Glenda L Viola
I am a child but not cut from her navel. She’s my mother who did not give birth to me. She did not carry me in her womb. She did not even feed me meals and did not raise me at home. Nonetheless, I am her child. Those did not make me less of a child to her. She loved me as her own.
Yes, I am my teacher’s child not because she always called me “anak” but because she showed me love, care and understood me just like what a real mother does.
Yes, she did not carry me in her womb. Despite that, she has given birth to someone who can do sort of good things that surely enchants even myself, as surprisingly, she was able to give birth to someone like that out of me; out of me who only knows how to break plates; out of me who only knows how to break rules; and out of me who breaks my parents’ hearts.
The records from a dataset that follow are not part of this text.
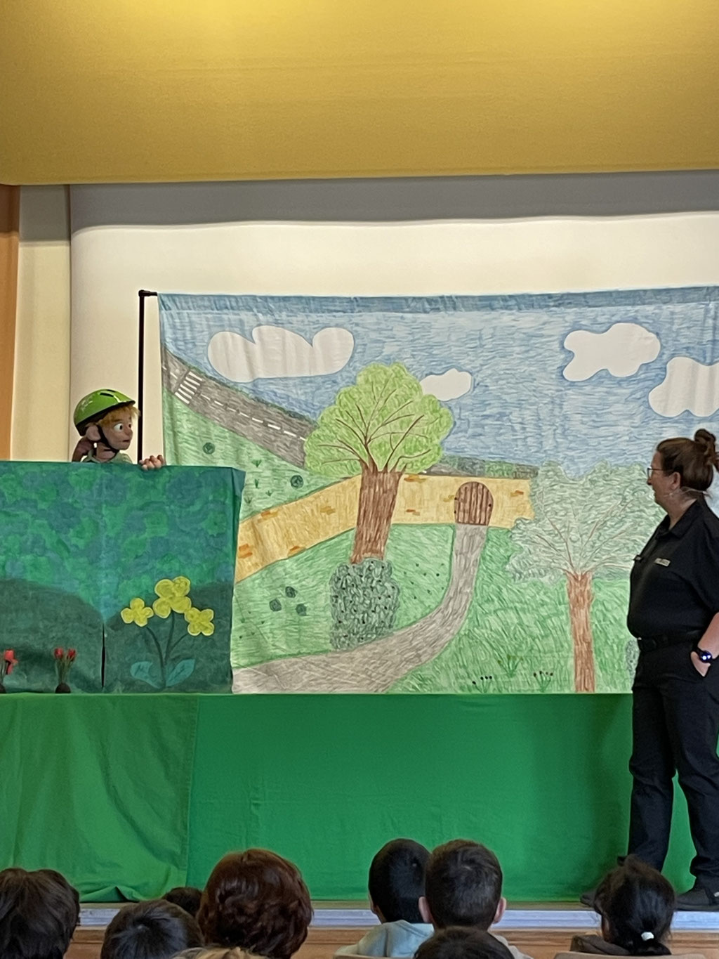 Am Mittwoch besuchten die Klassen 1a und 1b das Verkehrsstück "Die Schatzsuche" der Präventionspuppenbühne der Polizei. Spielerisch und mit viel Humor lernten die Kinder, wie sie sich auf dem Schulweg richtig verhalten können, um sicher ans Ziel zu gelangen. Besonders das Lied "An der Bordsteinkante mache ich Halt" blieb allen im Gedächtnis und wird sicherlich noch auf dem Pausenhof weitergesungen.
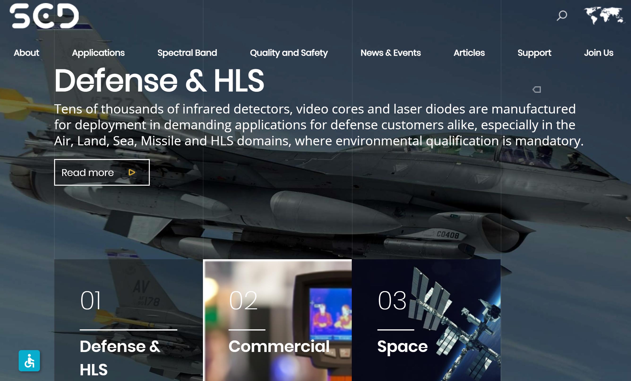 Semi Conductor Devices (SCD) 是全球领先的红外探测器和激光二极管供应商。凭借40多年积累的开发和制造经验,SCD的产品已被世界各地的领先公司选用,成为其光电系统的核心,在国防、国土安全(HLS)和商业市场。SCD 的独特功能和技术部署在其广泛的基于InSb、MCT、InGaAs、T2SL和VOx等各种传感材料的冷却和非冷却探测器中,这些探测器几乎可用于任何视频格式:QVGA、VGA、XGA、HD。SCD 提供现成的探测器和定制的解决方案,涵盖整个红外光谱:NIR、SWIR、MWIR和LWIR。
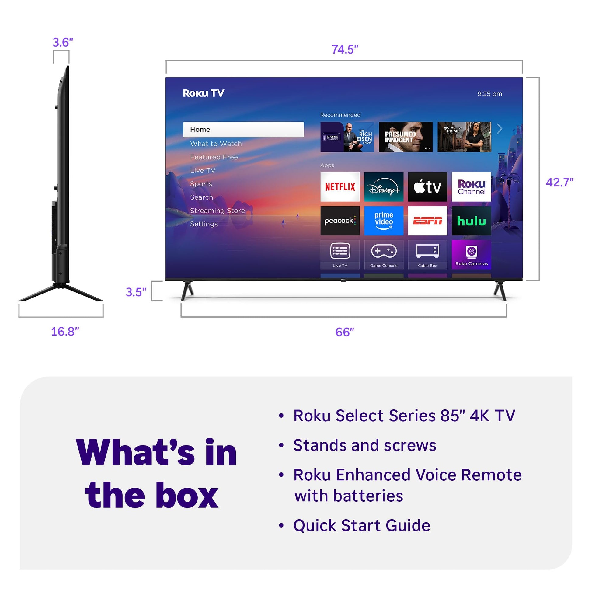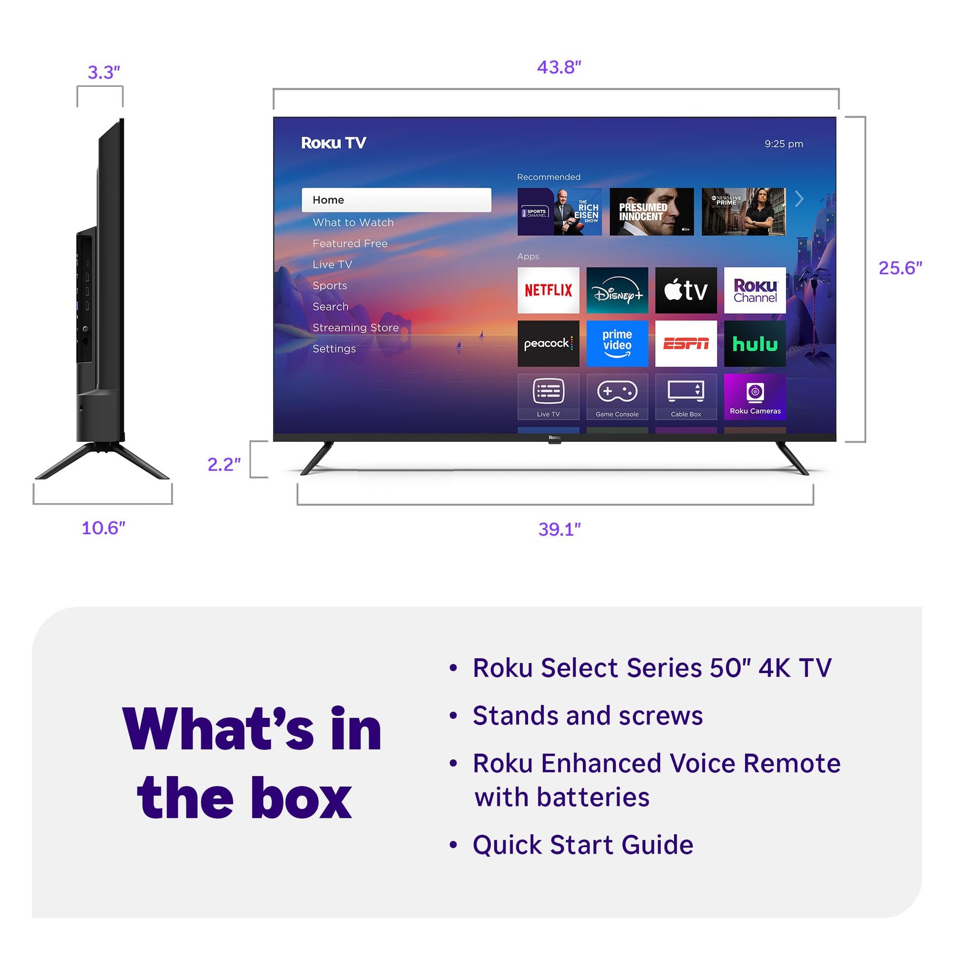 Included Components | Quick Start Guide, Roku Enhanced Voice Remote with batteries, Roku Select Series 50" 4K TV, Stands and screws See more |

She did not feed me meals and that’s for certain. However, she has fed me values and knowledge which she heartily taught me without me noticing how hard it was for her to always run after me just to share her learnings. I wasn’t able to notice her hardships on me whenever I skip classes. There were times I was not paying attention but she would always call my name as if I knew what to say…and she trusted me. She has always believed that I could do all things if only I would believe in myself as well.
I reached for her lending hand. I held onto her, trusting her, believing in myself. Yes, I was not fed meals because I was fed values.
She was not at home with us. Instead, she was always there, our home. She did not shelter us with roof. Instead, she sheltered us with love, so much love that even in our slightest pain, she could feel it and cried with us too.
She cried, but was not weak. She’s strong, so strong that she stood for us always; so strong that she would fight with her heart not to spoil us. And I was weak…so weak that I could not be able to fully reciprocate all the love and care when she was still here.